--- Raw data ---
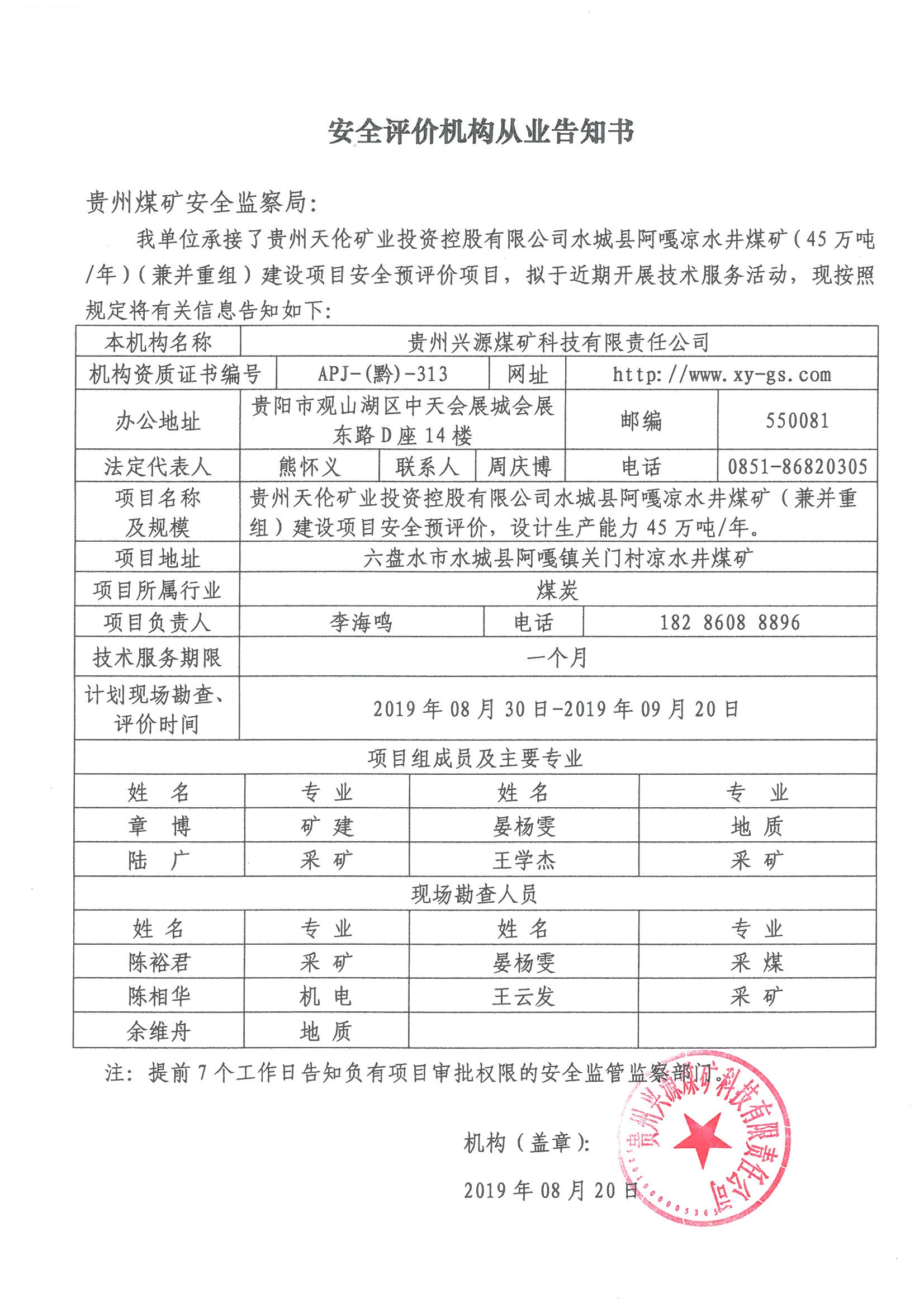 安全評(píng)價(jià)機(jī)構(gòu)從業(yè)告知書(shū)[貴州天倫礦業(yè)投資控股有限公司水城縣阿嘎涼水井煤礦]
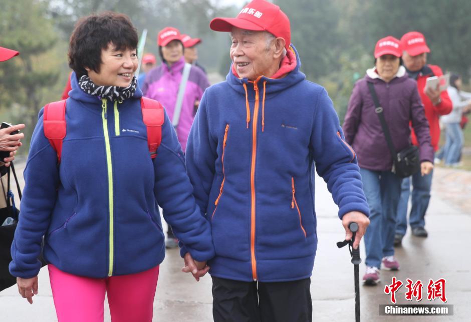 10月21日,中国传统重阳节,北京长寿俱乐部的500多名老人一同在北京西山国家森林公园参加登高活动。图为53岁的女儿茅亚平牵着88岁老父亲茅元准的手一同登高。中新社记者 杨可佳 摄
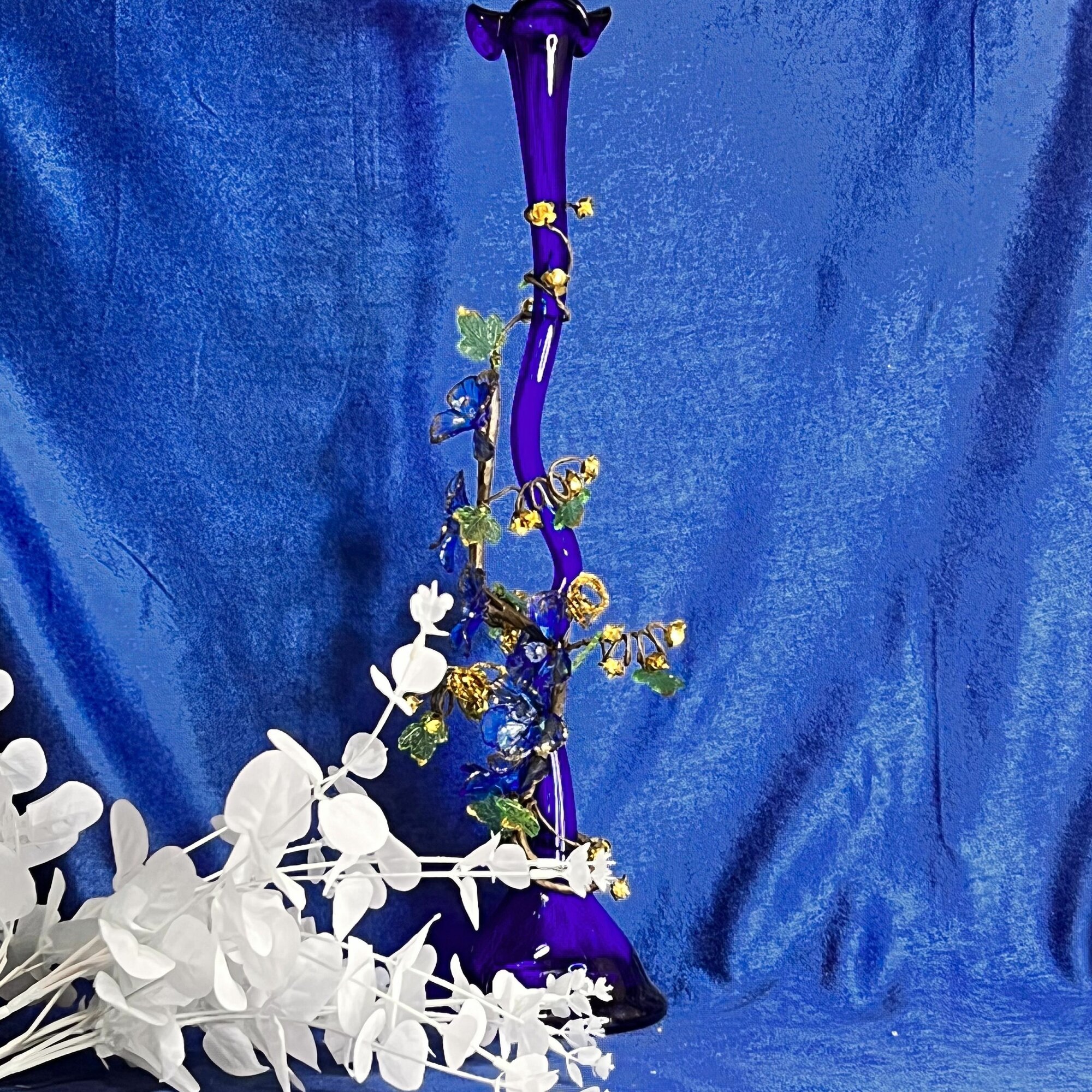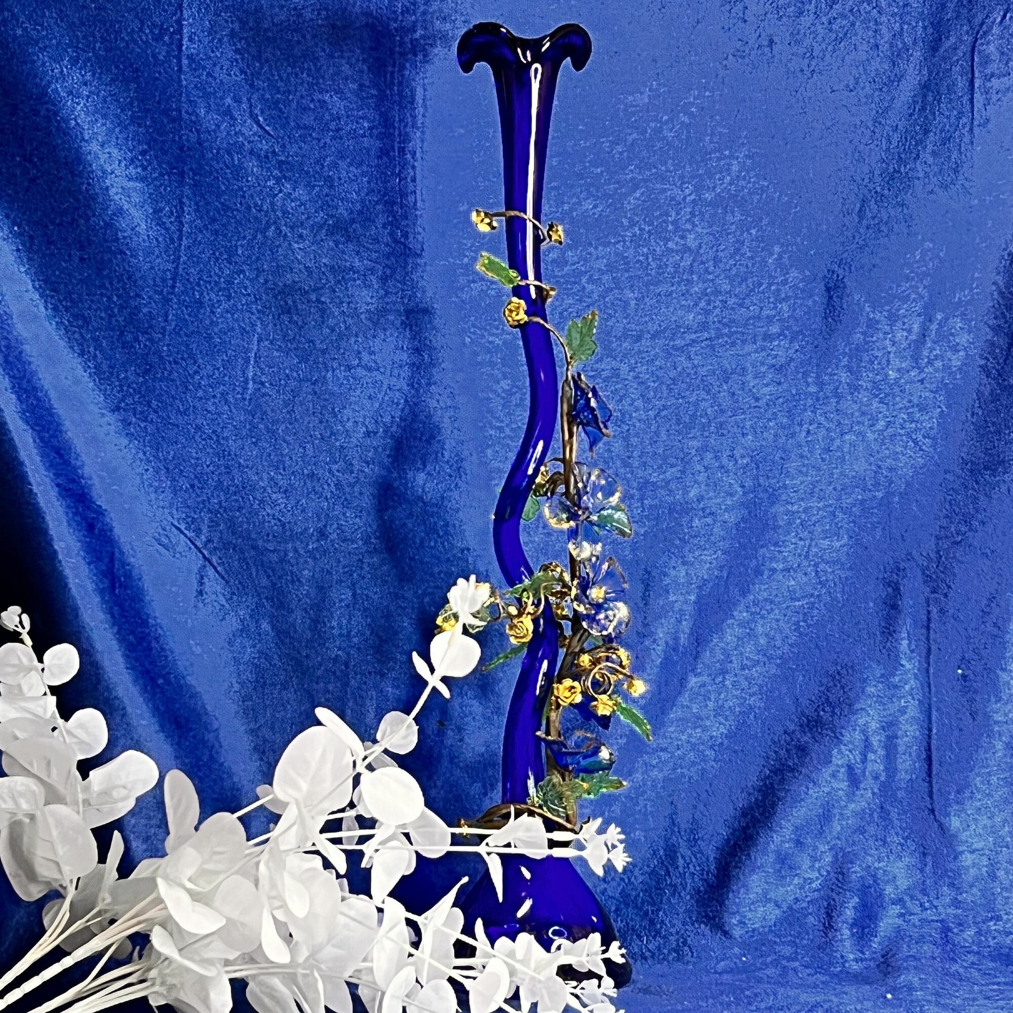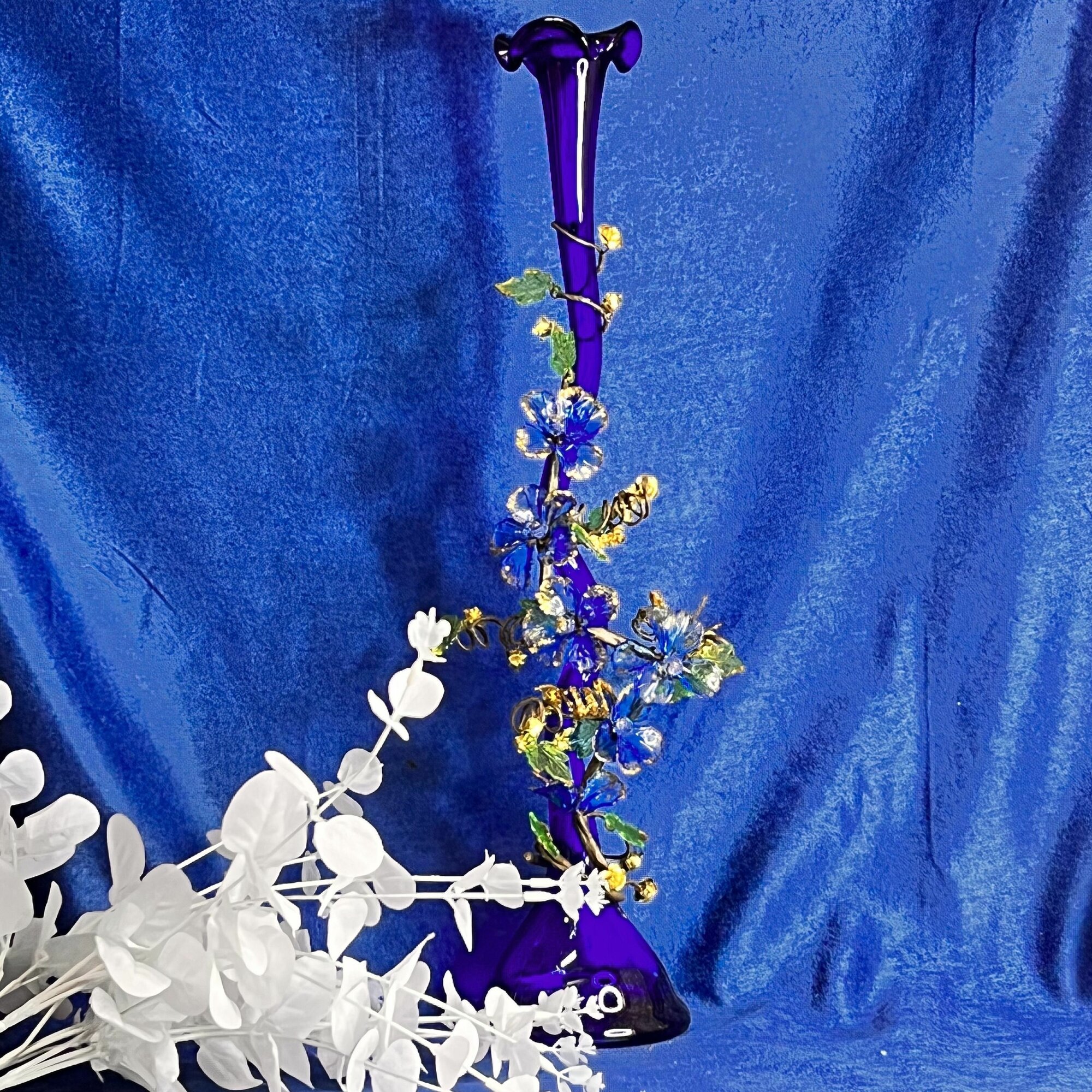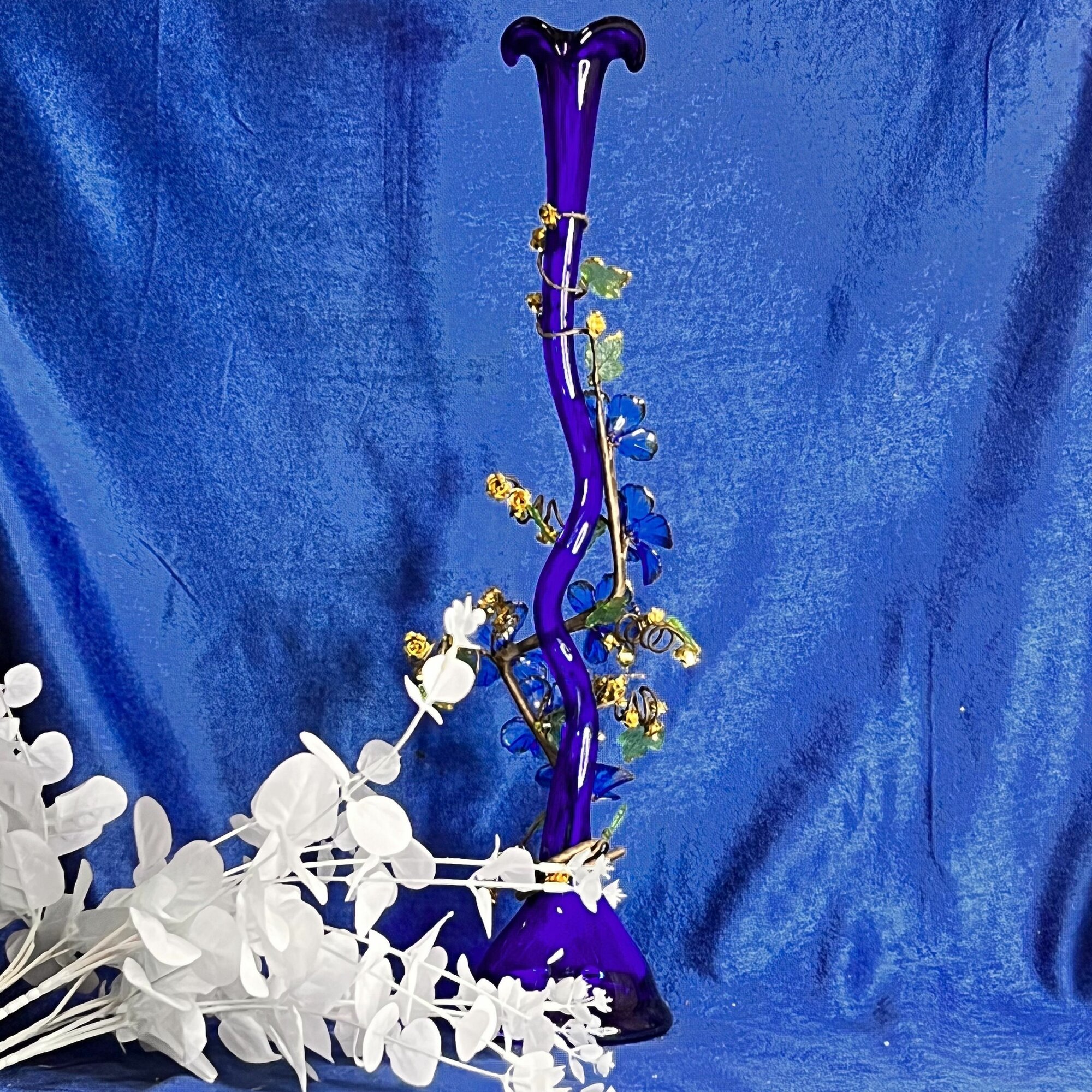 Купить Ваза из цветного стекла витая Синяя с стеклярусом
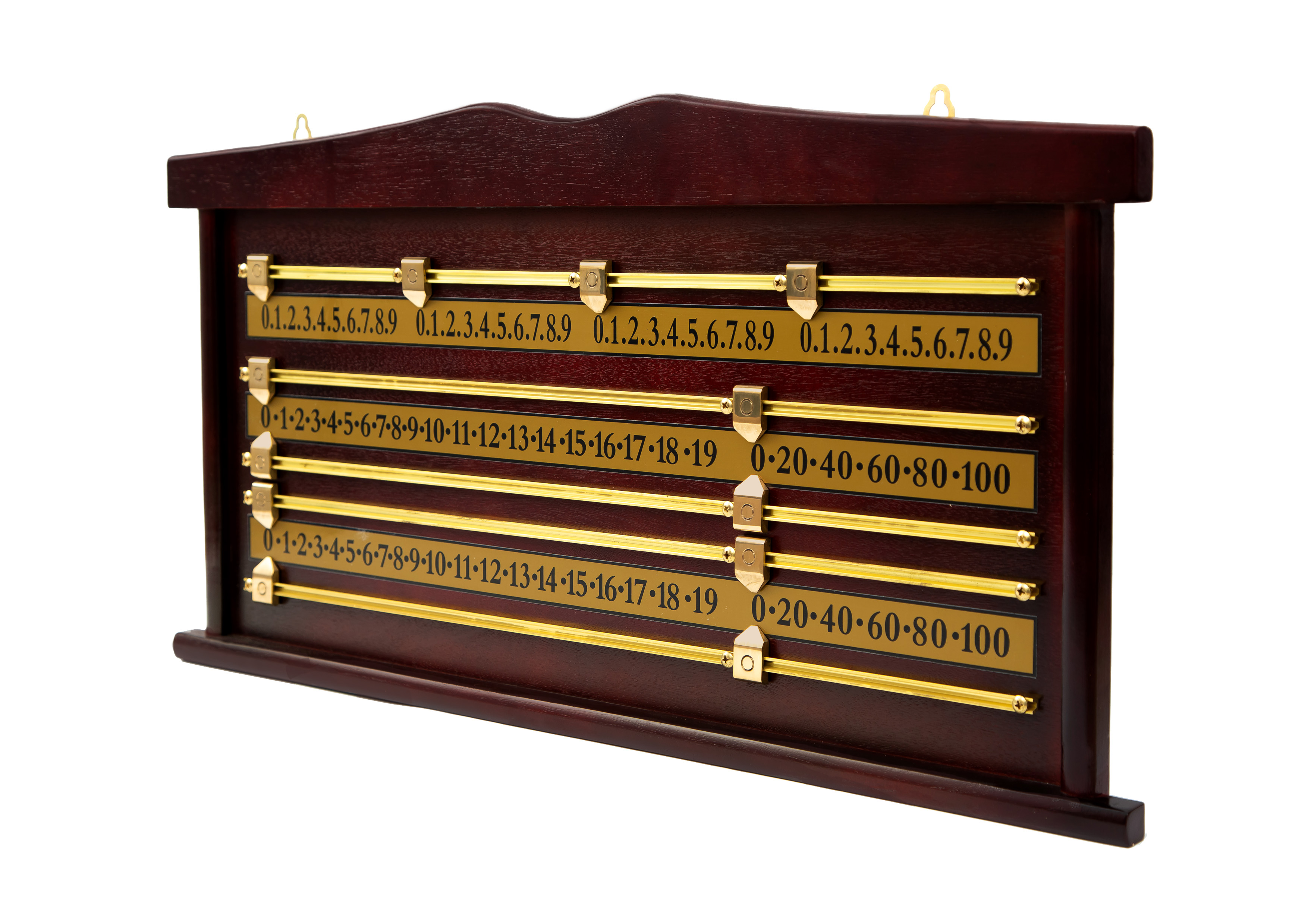 Табло оснащено кількома рядами з поділками: верхні шкали (0–9) дозволяють вести облік одиниць та десятків, а нижні — фіксувати більші значення та загальну кількість очок. Конструкція розрахована на двох гравців або 2 команди, що робить гру зручною та максимально відповідною офіційним правилам.

--- What is being asked ---
Only the pictures are dropped. Otherwise, write out the listing exactly.

--- Final answer ---
 安全評(píng)價(jià)機(jī)構(gòu)從業(yè)告知書(shū)[貴州天倫礦業(yè)投資控股有限公司水城縣阿嘎涼水井煤礦]
 10月21日,中国传统重阳节,北京长寿俱乐部的500多名老人一同在北京西山国家森林公园参加登高活动。图为53岁的女儿茅亚平牵着88岁老父亲茅元准的手一同登高。中新社记者 杨可佳 摄
 Купить Ваза из цветного стекла витая Синяя с стеклярусом
 Табло оснащено кількома рядами з поділками: верхні шкали (0–9) дозволяють вести облік одиниць та десятків, а нижні — фіксувати більші значення та загальну кількість очок. Конструкція розрахована на двох гравців або 2 команди, що робить гру зручною та максимально відповідною офіційним правилам.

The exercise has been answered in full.